Material provided:

•••••

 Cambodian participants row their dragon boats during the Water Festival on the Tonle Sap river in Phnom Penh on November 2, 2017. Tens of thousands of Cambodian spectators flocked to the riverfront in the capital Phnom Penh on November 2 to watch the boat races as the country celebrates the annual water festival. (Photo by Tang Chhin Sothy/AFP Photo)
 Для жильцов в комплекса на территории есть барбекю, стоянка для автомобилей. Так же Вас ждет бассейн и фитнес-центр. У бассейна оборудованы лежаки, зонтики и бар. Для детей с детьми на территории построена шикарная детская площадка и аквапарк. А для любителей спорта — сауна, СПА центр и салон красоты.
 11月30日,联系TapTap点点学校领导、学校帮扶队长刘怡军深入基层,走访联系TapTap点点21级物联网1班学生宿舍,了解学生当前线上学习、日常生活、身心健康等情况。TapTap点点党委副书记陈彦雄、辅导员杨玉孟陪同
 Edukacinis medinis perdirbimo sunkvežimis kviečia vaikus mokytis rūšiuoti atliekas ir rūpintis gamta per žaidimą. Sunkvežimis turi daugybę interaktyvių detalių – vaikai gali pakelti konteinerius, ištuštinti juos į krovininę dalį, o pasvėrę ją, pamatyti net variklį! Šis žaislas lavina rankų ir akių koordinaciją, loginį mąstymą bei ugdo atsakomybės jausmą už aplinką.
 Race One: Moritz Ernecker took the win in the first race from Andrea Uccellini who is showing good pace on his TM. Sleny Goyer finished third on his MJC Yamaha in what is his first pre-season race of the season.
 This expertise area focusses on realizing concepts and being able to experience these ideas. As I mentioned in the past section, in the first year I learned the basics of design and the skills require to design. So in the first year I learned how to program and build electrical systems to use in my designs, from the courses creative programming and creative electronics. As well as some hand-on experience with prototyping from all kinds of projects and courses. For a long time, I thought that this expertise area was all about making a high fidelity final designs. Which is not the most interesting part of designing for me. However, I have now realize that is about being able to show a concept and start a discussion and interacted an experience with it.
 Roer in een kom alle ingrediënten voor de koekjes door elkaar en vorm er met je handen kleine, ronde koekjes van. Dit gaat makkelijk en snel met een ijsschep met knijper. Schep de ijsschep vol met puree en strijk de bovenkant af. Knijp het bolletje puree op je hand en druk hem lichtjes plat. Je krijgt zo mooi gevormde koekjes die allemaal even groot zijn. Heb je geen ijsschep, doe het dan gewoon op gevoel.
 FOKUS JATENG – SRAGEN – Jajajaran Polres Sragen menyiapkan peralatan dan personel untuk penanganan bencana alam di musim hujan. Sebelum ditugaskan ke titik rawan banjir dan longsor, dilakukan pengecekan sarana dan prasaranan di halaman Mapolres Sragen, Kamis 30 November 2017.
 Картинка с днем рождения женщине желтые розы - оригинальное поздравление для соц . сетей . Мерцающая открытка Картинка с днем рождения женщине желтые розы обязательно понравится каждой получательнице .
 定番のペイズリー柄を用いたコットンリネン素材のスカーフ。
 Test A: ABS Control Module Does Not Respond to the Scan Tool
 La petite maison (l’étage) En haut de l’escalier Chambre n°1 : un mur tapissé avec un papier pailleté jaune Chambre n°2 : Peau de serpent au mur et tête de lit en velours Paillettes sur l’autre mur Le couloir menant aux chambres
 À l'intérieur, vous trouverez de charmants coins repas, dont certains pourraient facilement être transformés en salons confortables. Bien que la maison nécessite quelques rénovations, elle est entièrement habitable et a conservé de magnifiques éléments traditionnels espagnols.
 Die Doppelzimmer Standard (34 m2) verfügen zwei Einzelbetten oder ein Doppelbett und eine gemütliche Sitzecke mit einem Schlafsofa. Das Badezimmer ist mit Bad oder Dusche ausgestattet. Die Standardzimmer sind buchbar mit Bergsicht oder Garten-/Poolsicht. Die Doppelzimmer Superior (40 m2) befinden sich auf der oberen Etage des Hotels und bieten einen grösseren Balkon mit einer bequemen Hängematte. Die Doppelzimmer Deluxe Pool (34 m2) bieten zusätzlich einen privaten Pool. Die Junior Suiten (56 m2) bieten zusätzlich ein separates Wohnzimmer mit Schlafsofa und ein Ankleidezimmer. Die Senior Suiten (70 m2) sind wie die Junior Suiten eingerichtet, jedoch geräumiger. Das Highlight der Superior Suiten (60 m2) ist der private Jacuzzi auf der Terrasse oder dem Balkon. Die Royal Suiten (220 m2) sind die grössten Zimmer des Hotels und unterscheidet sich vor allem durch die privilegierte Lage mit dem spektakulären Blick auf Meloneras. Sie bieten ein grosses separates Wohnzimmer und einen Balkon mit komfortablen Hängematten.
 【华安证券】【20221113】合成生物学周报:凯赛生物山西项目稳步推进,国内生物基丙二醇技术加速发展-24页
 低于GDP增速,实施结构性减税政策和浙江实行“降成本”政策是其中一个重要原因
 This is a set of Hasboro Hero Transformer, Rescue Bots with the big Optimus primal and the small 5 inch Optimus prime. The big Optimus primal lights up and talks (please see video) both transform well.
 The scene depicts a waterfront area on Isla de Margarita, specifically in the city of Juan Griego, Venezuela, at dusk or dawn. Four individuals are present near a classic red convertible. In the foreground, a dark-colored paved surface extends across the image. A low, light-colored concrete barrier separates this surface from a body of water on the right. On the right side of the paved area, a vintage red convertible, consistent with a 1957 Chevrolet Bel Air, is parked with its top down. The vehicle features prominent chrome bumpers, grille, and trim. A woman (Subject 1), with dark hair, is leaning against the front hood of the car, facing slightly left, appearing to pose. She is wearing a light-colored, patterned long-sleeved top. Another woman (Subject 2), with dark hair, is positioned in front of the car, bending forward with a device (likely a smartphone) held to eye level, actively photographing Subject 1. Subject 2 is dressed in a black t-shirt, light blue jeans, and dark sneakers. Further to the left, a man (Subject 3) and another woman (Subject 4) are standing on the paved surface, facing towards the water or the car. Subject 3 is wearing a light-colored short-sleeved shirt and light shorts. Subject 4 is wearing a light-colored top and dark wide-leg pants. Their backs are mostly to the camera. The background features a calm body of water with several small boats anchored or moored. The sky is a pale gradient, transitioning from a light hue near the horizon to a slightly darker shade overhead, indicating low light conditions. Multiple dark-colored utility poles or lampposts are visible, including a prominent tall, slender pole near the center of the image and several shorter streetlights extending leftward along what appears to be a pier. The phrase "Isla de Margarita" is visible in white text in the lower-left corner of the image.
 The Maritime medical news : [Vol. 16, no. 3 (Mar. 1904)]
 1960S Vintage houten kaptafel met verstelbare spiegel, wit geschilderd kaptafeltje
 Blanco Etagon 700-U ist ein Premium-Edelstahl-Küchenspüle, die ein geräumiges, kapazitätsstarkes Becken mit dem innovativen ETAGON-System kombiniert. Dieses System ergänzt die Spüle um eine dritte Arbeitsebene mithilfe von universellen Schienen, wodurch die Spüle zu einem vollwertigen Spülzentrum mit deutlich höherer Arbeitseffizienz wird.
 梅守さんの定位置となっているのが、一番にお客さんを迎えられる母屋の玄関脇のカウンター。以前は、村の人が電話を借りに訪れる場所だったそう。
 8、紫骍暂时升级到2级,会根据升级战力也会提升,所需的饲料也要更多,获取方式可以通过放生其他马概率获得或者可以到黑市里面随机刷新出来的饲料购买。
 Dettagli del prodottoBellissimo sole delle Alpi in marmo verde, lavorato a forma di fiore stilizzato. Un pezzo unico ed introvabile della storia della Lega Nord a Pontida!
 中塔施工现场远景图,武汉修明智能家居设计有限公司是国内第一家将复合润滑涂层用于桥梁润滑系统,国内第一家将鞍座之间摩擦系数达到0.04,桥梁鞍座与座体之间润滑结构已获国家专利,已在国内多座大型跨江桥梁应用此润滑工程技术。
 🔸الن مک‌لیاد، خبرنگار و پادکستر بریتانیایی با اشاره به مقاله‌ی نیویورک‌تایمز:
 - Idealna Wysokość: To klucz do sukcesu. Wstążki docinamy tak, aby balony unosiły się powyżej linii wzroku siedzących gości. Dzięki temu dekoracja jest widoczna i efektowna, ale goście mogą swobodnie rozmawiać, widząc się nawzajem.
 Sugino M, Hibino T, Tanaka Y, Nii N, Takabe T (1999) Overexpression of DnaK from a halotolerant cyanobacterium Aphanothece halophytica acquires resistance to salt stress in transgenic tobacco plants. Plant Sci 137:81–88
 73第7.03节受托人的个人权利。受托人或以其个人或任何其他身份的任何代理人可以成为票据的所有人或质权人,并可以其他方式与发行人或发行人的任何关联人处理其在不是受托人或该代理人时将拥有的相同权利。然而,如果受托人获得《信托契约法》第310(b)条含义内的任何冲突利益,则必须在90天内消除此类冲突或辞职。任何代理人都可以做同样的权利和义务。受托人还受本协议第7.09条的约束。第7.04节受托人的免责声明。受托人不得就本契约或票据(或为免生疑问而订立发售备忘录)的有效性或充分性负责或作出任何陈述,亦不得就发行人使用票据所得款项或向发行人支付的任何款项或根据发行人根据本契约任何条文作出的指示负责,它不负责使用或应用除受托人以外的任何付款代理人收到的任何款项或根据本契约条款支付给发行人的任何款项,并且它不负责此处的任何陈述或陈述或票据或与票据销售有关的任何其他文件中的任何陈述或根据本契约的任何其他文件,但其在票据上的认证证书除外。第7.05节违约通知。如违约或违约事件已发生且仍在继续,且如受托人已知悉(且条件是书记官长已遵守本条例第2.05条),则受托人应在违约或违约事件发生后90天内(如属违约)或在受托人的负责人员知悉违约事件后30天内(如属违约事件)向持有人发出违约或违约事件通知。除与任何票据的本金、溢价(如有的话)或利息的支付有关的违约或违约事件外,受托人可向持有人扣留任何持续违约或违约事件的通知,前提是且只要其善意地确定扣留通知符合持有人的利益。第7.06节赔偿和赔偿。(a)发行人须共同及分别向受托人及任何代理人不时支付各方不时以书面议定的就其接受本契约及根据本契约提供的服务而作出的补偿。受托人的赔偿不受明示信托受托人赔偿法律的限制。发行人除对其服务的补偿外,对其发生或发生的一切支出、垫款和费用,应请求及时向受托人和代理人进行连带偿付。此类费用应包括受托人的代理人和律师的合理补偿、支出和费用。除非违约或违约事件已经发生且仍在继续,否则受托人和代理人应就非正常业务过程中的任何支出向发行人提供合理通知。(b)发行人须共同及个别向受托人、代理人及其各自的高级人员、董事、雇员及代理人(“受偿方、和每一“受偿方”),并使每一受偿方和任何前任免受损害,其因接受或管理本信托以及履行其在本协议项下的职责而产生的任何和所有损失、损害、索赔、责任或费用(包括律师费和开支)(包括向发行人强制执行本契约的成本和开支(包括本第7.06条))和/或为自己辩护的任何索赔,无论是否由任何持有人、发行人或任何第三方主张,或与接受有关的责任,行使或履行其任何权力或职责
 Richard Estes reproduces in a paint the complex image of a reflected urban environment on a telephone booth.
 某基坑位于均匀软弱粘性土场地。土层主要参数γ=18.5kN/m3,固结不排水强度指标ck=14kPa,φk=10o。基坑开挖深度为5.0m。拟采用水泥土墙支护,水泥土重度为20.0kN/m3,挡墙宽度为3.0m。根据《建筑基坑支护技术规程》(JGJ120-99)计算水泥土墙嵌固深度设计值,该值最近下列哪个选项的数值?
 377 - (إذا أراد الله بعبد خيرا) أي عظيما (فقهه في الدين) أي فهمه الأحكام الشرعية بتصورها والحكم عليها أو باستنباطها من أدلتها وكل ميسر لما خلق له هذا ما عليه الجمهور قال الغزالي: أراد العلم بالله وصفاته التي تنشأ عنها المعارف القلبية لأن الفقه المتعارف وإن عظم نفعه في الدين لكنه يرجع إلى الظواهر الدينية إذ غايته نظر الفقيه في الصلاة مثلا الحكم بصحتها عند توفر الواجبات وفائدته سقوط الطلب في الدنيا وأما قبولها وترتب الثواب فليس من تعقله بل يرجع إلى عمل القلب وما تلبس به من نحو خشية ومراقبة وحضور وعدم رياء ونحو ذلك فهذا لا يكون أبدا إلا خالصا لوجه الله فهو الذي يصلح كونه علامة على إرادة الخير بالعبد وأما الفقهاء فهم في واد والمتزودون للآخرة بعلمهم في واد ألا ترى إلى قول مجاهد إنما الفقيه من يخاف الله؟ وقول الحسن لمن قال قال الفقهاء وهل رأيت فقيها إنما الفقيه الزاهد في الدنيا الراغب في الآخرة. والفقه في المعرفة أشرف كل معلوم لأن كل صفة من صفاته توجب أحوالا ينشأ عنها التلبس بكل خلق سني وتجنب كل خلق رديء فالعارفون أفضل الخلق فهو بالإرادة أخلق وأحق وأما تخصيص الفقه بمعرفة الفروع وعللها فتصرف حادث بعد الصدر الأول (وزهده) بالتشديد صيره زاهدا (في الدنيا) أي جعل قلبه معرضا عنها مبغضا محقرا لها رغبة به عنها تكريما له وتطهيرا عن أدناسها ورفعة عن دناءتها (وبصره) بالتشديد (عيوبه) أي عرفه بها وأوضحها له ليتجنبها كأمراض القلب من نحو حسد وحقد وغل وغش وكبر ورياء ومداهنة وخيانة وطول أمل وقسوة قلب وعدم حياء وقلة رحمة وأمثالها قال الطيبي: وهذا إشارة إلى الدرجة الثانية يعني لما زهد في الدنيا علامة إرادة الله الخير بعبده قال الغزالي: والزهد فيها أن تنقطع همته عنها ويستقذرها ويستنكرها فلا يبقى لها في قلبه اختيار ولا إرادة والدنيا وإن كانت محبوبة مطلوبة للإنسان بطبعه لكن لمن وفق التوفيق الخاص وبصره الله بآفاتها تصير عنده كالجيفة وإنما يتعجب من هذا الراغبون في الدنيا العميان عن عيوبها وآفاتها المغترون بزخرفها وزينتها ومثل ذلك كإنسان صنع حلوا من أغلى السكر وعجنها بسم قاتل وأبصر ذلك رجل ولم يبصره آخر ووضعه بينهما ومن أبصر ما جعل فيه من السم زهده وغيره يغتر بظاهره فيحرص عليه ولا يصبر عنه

•••••

Reproduce only the lines above spanning from the line containing "Race One: Moritz" through the line containing "This expertise area focusses", word for word.

Finished task:
 Race One: Moritz Ernecker took the win in the first race from Andrea Uccellini who is showing good pace on his TM. Sleny Goyer finished third on his MJC Yamaha in what is his first pre-season race of the season.
 This expertise area focusses on realizing concepts and being able to experience these ideas. As I mentioned in the past section, in the first year I learned the basics of design and the skills require to design. So in the first year I learned how to program and build electrical systems to use in my designs, from the courses creative programming and creative electronics. As well as some hand-on experience with prototyping from all kinds of projects and courses. For a long time, I thought that this expertise area was all about making a high fidelity final designs. Which is not the most interesting part of designing for me. However, I have now realize that is about being able to show a concept and start a discussion and interacted an experience with it.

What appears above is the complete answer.